I love writing down how I feel. That’s how I usually get them out. I had very few friends I could talk to and because we had conflicting schedules, I couldn’t turn to them. So as I’ve said I love writing down what I feel and this particular week had been a rollercoaster of emotions.
Let me start with this, I’ve wanted to be a chemical engineer ever since I was 6 because the experiments my aunt did always fascinated me. Fast forward to the present where I’m taking Chemistry 4 Level 2 classes, which teaches us the applications of chemistry in different fields. I know for a fact that our school is very advanced because we’re already tackling lessons studied for college students. I know for a fact that the subject was gonna be hard. But for our first problem set, I blanked out. I couldn’t answer a single thing. I can’t even begin to comprehend how to answer the question. This wasn’t really new to me but it still affected me. My classmates seemed like they were having no problems answering the probset, that’s when I started to overthink. Why couldn’t I do it? I was planning to do this for the rest of my life and yet my first probset in I can’t even answer a single thing. I broke. I cried. I did something I’ve never done. I talked to my mom about what’s happening to me. I was expecting her to get mad at me for doing badly, but she didn’t. I guess, I just thought she would because that was what I was feeling for myself at that moment. I was mad that I can’t answer the probset. I was rethinking the path I set for myself. After talking to my mom, after her reassurance that I am not less than what I am because of my failures, I got through the night. The next day was my chem long exam. I didn’t sleep, I study my ass off. I asked help from a friend. I felt a little better. Then morning came, I got anxious again. I had no idea what to expect from the long exam, my teacher is unpredictable. I began dreading the day to come. I arrived at early and looked for my classmates. I asked for help but still couldn’t get everything they were saying. I started tearing up again. They comforted me and it felt nice not being alone. Chemistry is my first subject so I went to my room, proceded to sit in my seat. I didn’t study anymore. I doubted I could take in anymore information so I just sat and stared at nothing in particular. My mind wasn’t occupied so guess what I did. I started overthinking again which led me to cry silently just seconds before the bell rang. Then, the test started.
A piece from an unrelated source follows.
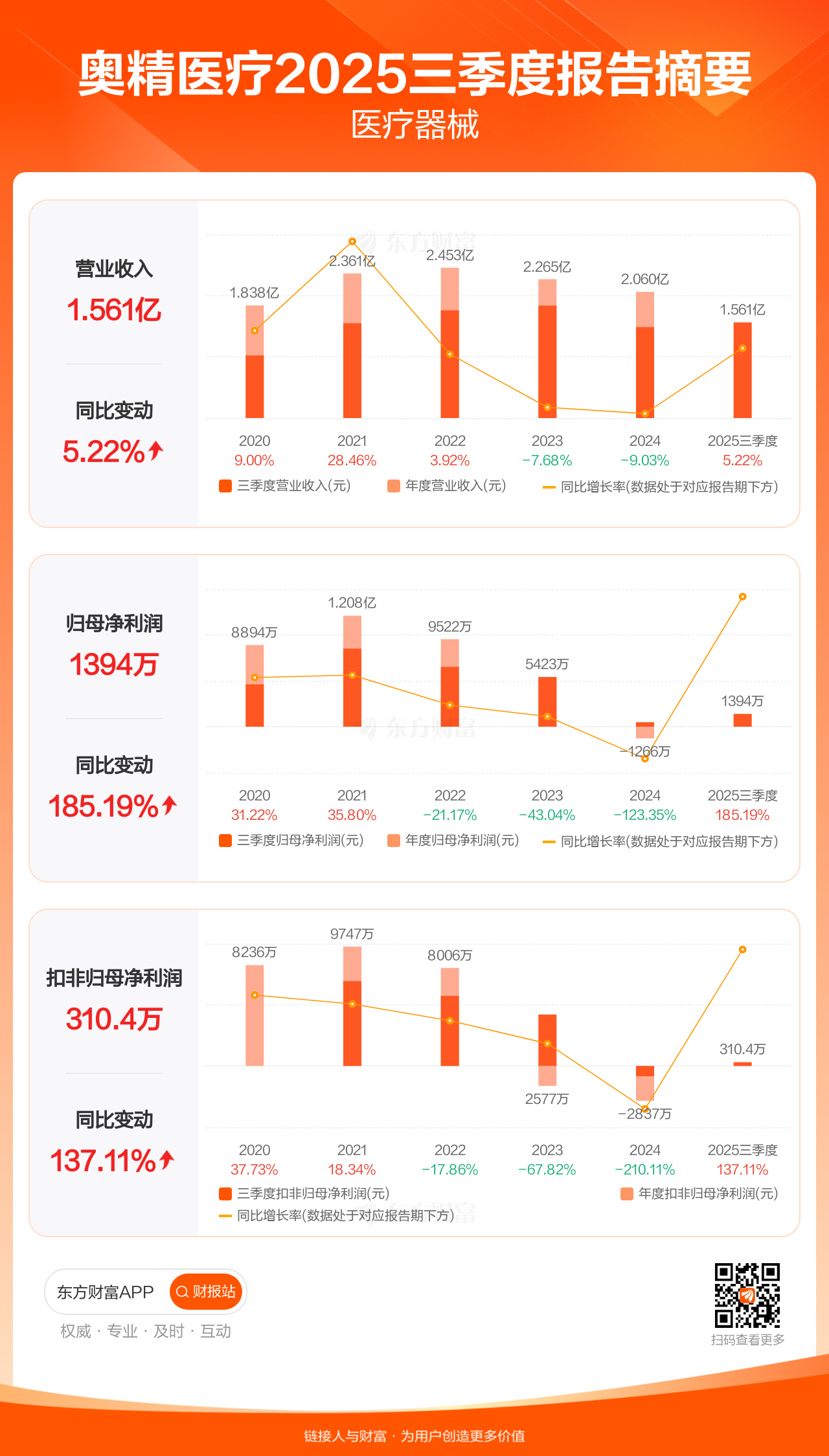 奥精医疗10月30日发布2025年三季报显示,公司前三季实现营业收入1.56亿元,同比增长5.22%;归母净利润1394.06万元,同比增长185.19%;扣非归母净利润310.45万元,同比增长137.11%。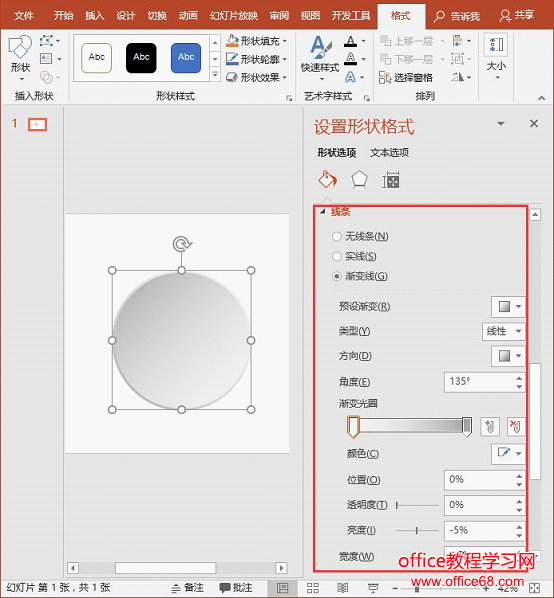 ![]() (3)为轮廓填充渐变色。展开下方的“线条”选项卡,选中“渐变线”单选按钮,然后设置形状渐变填充“类型”为“线性”,“方向”为“线性对角-右下到左上”,“角度”为“90°”,“渐变颜色”为“白色到灰色”,“宽度”为“5磅”,如下图所示。

I remembered this story as I was writing my letter to my graduation-bound self. When my graduated-self read the letter (keyword: WHEN not IF), I want her to know that I am proud of what she’s accomplished and I want her to feel proud of herself as well for what she’s achieved. To remind her that she cried over chemistry thrice before. Then, tell her that she did so and is now college-bound, about to take the subject that made her cry and make it her bitch.